On peut, bien sûr, attendre que les nombreux jurés des multiples prix littéraires de l’automne annoncent les heureux lauréats, puis se précipiter chez son libraire pour acquérir les perles que d’aucuns, éditeurs,  attaché(e)s de presse, journalistes auront polies soigneusement au fil des mois pour en faire des objets incontournables. Et l’on sera parfois déçu de tant d’éloges ou bien agréablement surpris que l’œuvre ait ainsi résisté à tant d’assauts médiatico-laudatifs. « Les Bienveillantes » fut un exemple remarquable de cette destinée tricotée par avance. Annoncée, sanctifiée, dénoncée, parfois dévorée, toujours achetée, exportée, pas souvent terminée, trônant sur toutes les étagères.

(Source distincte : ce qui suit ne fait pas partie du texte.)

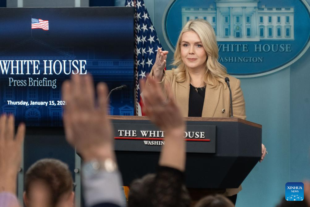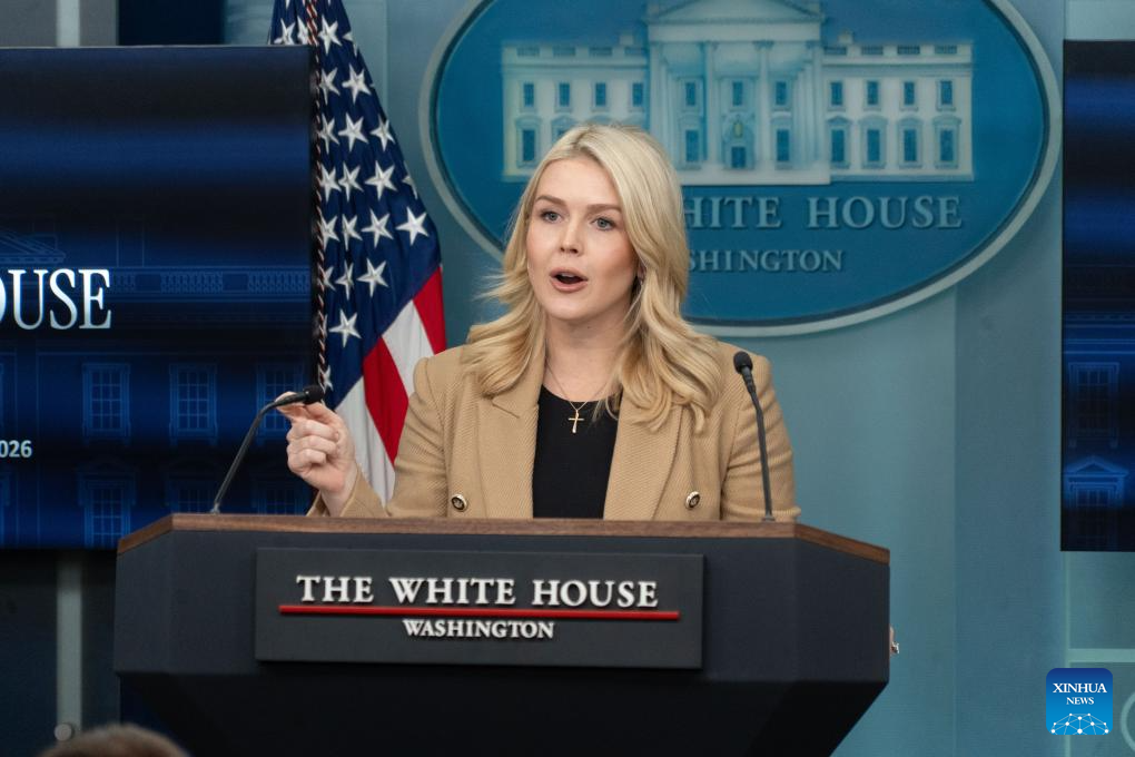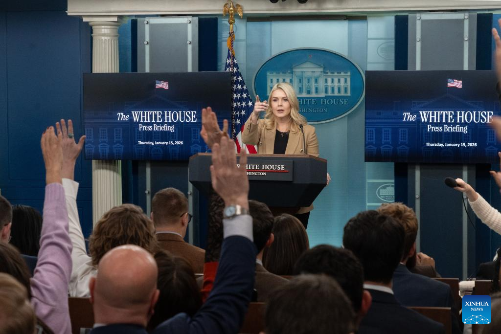 White House Press Secretary Karoline Leavitt speaks during a press briefing at the White House in Washington, D.C., the United States, on Jan. 15, 2026. U.S. President Donald Trump is keeping all options on the table for responding to Iran's unrest, White House Press Secretary Karoline Leavitt said Thursday. (Photo by Li Yuanqing/Xinhua)

On peut aussi s’amuser à deviner qui seront les favoris et les outsiders dans chacune des catégories, une fois les listes rendues publiques. Je ne résiste pas à m’y adonner et encourage qui veut à se lancer dans la course aux pronostics.

Dans la catégorie Prix Nobel de littérature, je penche comme les bookmakers londoniens pour Amos Oz, Israël étant au cœur des enjeux du monde, mais il doit se méfier de Joyce Carol Oates dont l’œuvre colossale en fait un outsider sérieux.

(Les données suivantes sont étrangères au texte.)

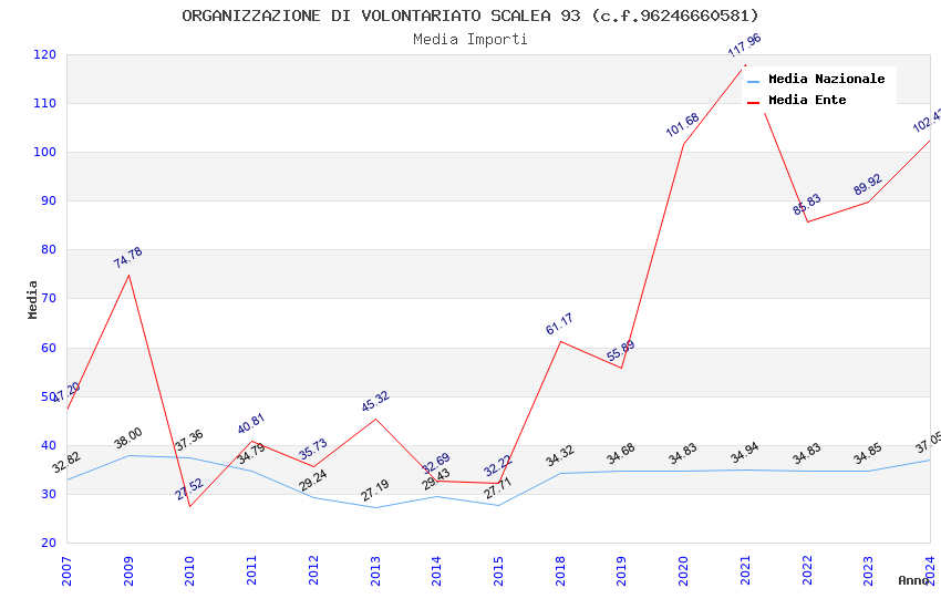 | Anno | Firme | Importi | Media | Naz. | Reg. | Prov. | Comu. |
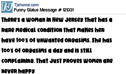 X  There's a woman in New Jersey that has a rare medical condition that makes her have 100's of unwanted orgasims. She has 100's of orgasims a day and is still complaining. That just proves women are never happy

Pour le Goncourt, la favorite est incontestablement Marie NDiaye. Passage chez Gallimard, écriture de plus en plus léchée et déjà titulaire du Femina avec son magnifique « Rosie Carpe ». La maison de la rue Sébastien Bottin mise sur elle. Mais Jean-Michel Guenassia et son « Club des incorrigibles optimistes » pourraient l’emporter contre toute attente. Premier roman volumineux paru chez Albin-Michel et dont le regard sur les années soixante peut en séduire plus d’un.

Côté Renaudot, « l’enfant de Berlin » pourrait faire d’Anne Wiazemsky une lauréate crédible. Déjà auréolée du Goncourt des lycéens et du Grand prix du roman de l’Académie française, elle suivrait sa juste route. Mais Véronique Ovaldé pourrait lui ravir la place si elle n’a pas le Goncourt des lycéens, justement.

Plongé dans la lecture délicieuse du « Ciel de Bay city » de Catherine Mavrikakis, je ne peux m’empêcher de penser à elle pour le Femina. Une façon également de récompenser son éditrice, Sabine Wespieser, qui sait allier réussite et engagement littéraire. Elle devra cependant compter avec Brigitte Giraud, dont le talent s’affine et s’affirme au fil des rentrées et Gwenaëlle Aubry qui s’affiche partout avec « Personne ».

Yannick Haenel pourrait bien avoir l’Interallié après avoir raflé le Prix du roman Fnac. Et Justine Levy le Médicis, histoire de suivre les pas de papa…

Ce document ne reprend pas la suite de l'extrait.